NEW ORLEANS — Average lipid profiles of adults in the United States did not change between 2003 and 2012, despite an observed increase in the use of lipid-lowering therapies, according to research presented at the National Lipid Association Scientific Sessions.
Lipid-lowering therapies have risen in use for management of dyslipidemia, but the influence of that increased use on lipid levels of the U.S. population was not known, according to the study background.
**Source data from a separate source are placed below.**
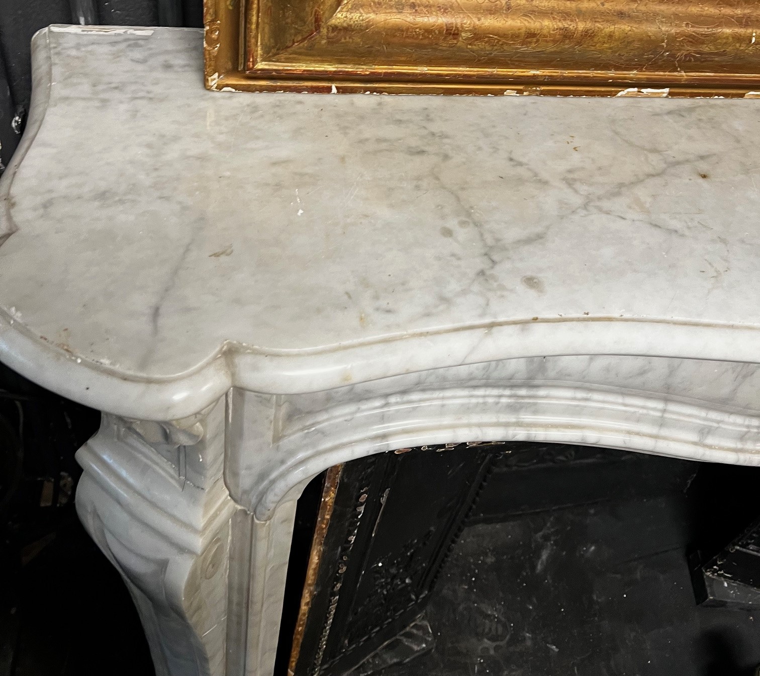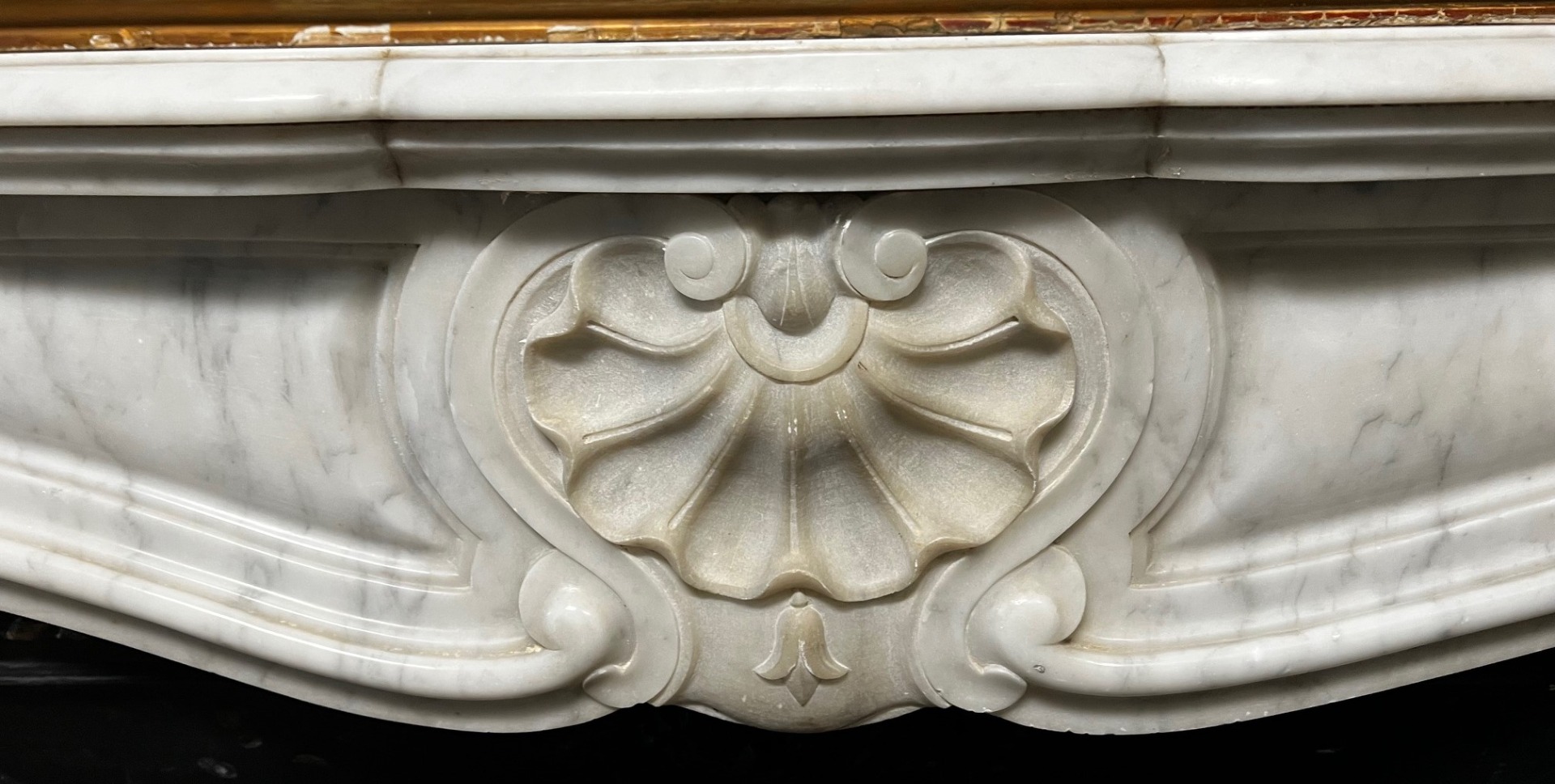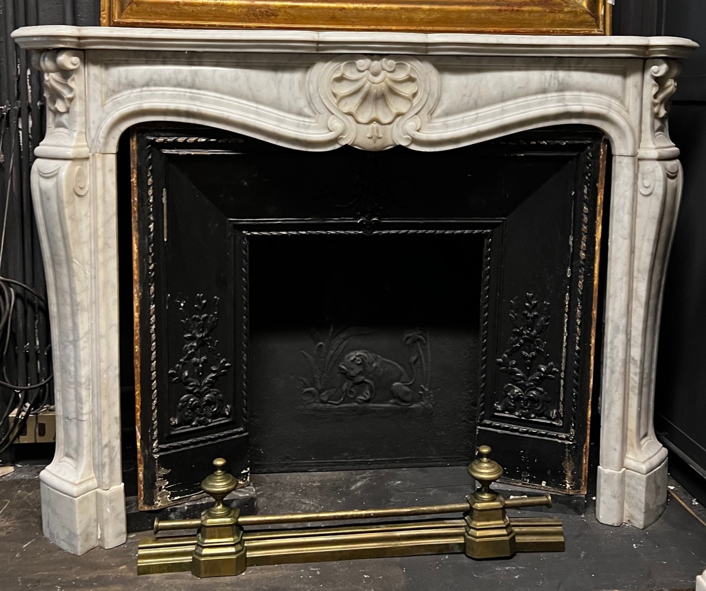 CHM603 - Affascinante camino in marmo bianco di Carrara, epoca '800, misure cm L 145 x H 107 x P 36
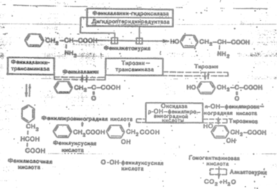 Схема 1. Варианты нарушений метаболизма фенилаланина.
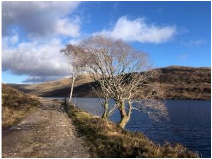 Parking beside the Callup River, near Glenfinnan, we set off along the gravel road towards Loch Shiel in cold but very still conditions to be blessed with the stunning view over the loch towards Glenfinnan viaduct, the reflections were spectacular. There followed about 12 miles of superb gravel road down the side of Loch Shiel to the hamlet of Polloch, with stunning scenery and reflections all the way, most enjoyable even though we were in the shade and the temperature never rose above -2C. Steve had left us after a few miles to head back over to Nevis Range and the MTB trails. Turning back “inland” we passed by the side of Loch Doillean being lulled into a false sense of security before the big climb through the forest kicked in. With bits as steep as 25% even I, on an ebike, had to stop a few times to recover but still got to the top before Dan and Chris, much respect to both of them for making it up that hill. 925ft in 2.7 miles! There follows a great 3 mile descent into Strontian on a super, sweeping, well surfaced road, as a “bloke” it is necessary to keep your eyes on the road (speed) which means you don’t get to look at the mines where the element Strontium was discovered and first mined.
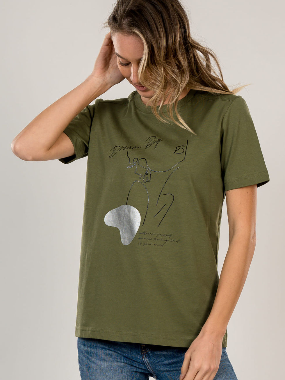 Za svaki dan kada ti treba podsetnik da sanjaš veliko – ova majica to radi umesto tebe. Apstraktna linijska ilustracija i diskretni metalik detalj daju joj umetnički pečat, dok natpis „Dream Big – motivate yourself because the only limit is your mind“ donosi dozu inspiracije.
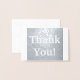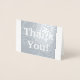 Este simples e elegante design de obrigado de cartão de folha prateada - você cumprimenta a mensagem "Obrigado!" na frente, junto com uma mensagem personalizada no dentro. Poderia ser usado para mostrar apreço a alguém que fez algo especial.
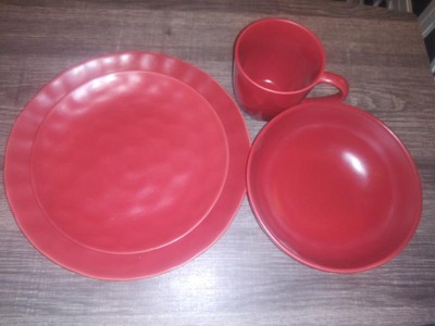 - Textured design, make your place setting stand out with uniquely textured red porcelain plates and bowls and the mugs is smooth.
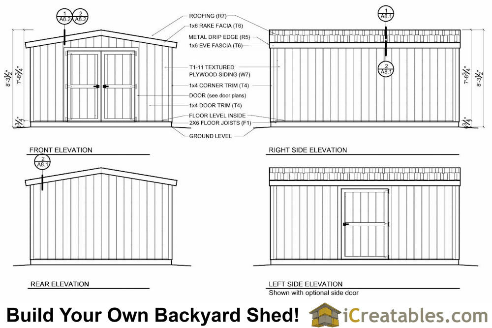 12x16-B8 Backyard 8 Foot Shed Plans Emailed
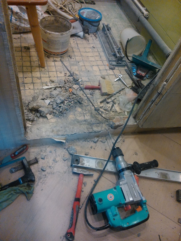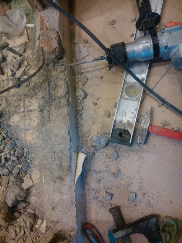 Порог решено было убрать и сделать в уровень с полом в ванной. Занятие как оказалось то еще, В отличии от стен самой коробки которые были из гипса, поддон был бетонный с гранитным щебнем. Но останавливаться было поздно.
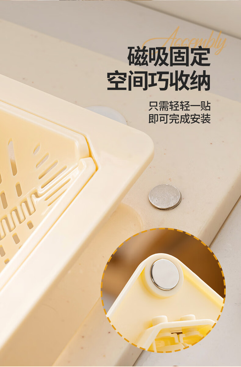 Juyi Sink Magnetic Drainage Basket Kitchen Filter Storage Rack Drainage Basket Washing Vegetables Filter Basket Leftover Residue Drainage Basket Green Magnetic Suction Installation | One-button Press to Dump Residues
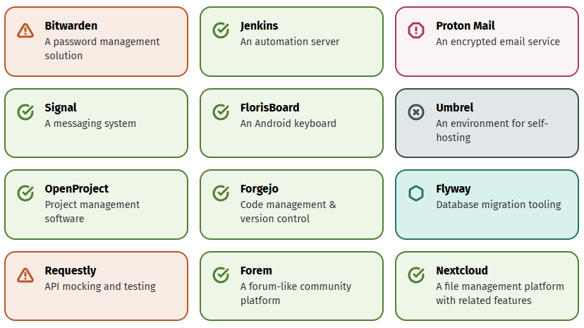 Also, Proton Mail, a well-known encrypted email service, has a GPLv3 license for its email client, but the service itself is not FOSS, so it's a no-go.
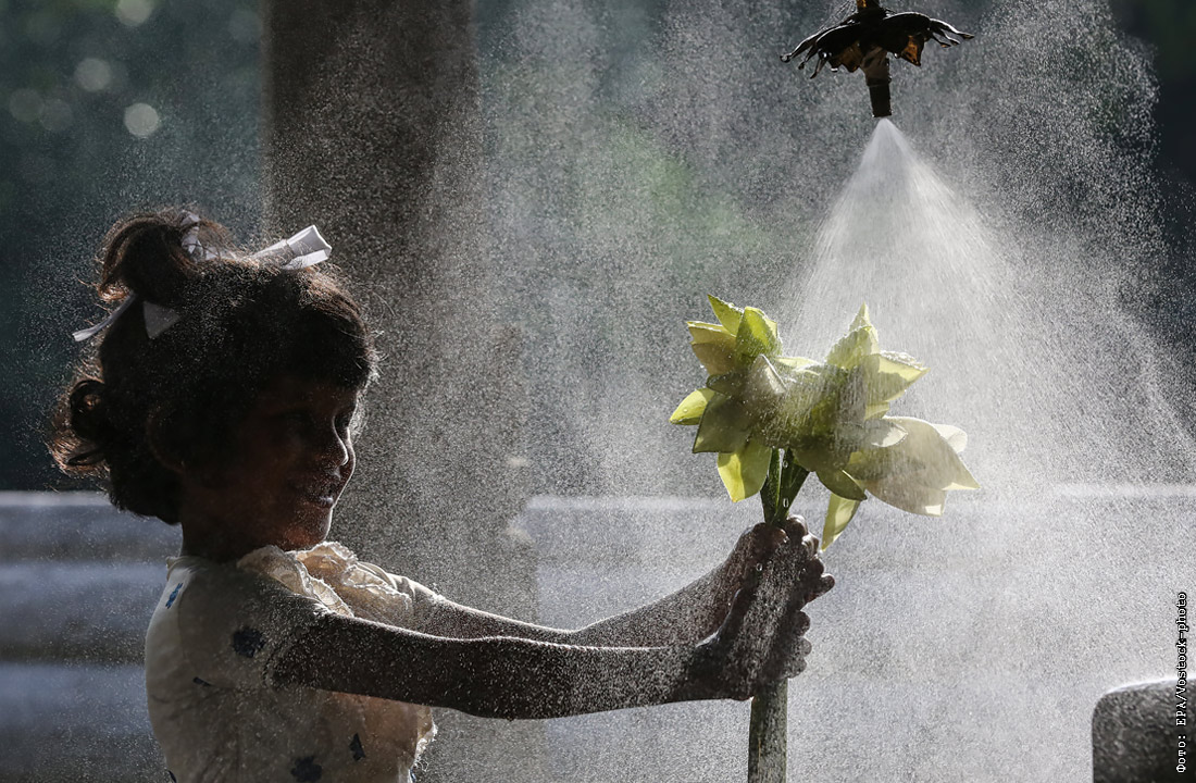 Девочка с цветами лотоса у фонтана. Коломбо, Шри-Ланка.

“Despite an increase in the use of [lipid-lowering therapies], we observed no trend for change in lipid profiles in low-, intermediate- or high-risk men and women in the U.S. population,” Peter P. Toth, MD, PhD, FAAFP, FNLA, FAHA, director of preventative cardiology at the CGH Medical Center, Sterling, Illinois, and colleagues wrote in an abstract.
Peter P. Toth
The researchers assessed risk for CHD in 11,256 U.S. adults using National Cholesterol Education Program Adult Treatment Panel III criteria and based on responses to NHANES surveys from 2003-2004 to 2011-2012. Using fasting serum values, the researchers determined lipid profiles of men and women in low-, intermediate- and high-risk groups, and calculated the portion of participants in each group receiving lipid-lowering therapies.
The use of lipid-lowering therapies was significantly increased in the low-risk group from 6% in 2003-2004 to 11% in 2011-2012 (P < .0001) and also in the high-risk group from 41% in 2003-2004 to 52% in 2011-2012 (P < .008).
Only women in the high-risk group showed a possible trend for reduction in median triglyceride levels (2003-2004, 170, mg/dL; 2011-2012, 127 mg/dL). However, this finding not be reliable because of a small sample size and high variability, according to the researchers.
In all risk categories for both sexes, there was no obvious change in LDL, HDL and non-HDL levels, Toth and colleagues found. Mean HDL levels, however, were consistently higher among women than in men in all risk groups.
The lack of change in lipid profiles “may be due to the variability in response to [lipid-lowering therapy], and highlights the need for more aggressive identification and treatment of high-risk individuals, as recommended in the [American College of Cardiology/American Heart Association cholesterol] guideline,” Toth and colleagues concluded. – by Dave Quaile
Toth PP, et al. Abstract 111. Presented at: National Lipid Association Scientific Sessions; May 19-22, 2016; New Orleans.
Disclosure: The study was funded in part by AstraZeneca. Toth reports consulting/advising for Amgen, AstraZeneca, Kowa, Merck, Novartis, Regeneron and Sanofi and serving on speaker’s bureaus for Amarin, AstraZeneca, Genzyme, GlaxoSmithKline, Kowa and Merck.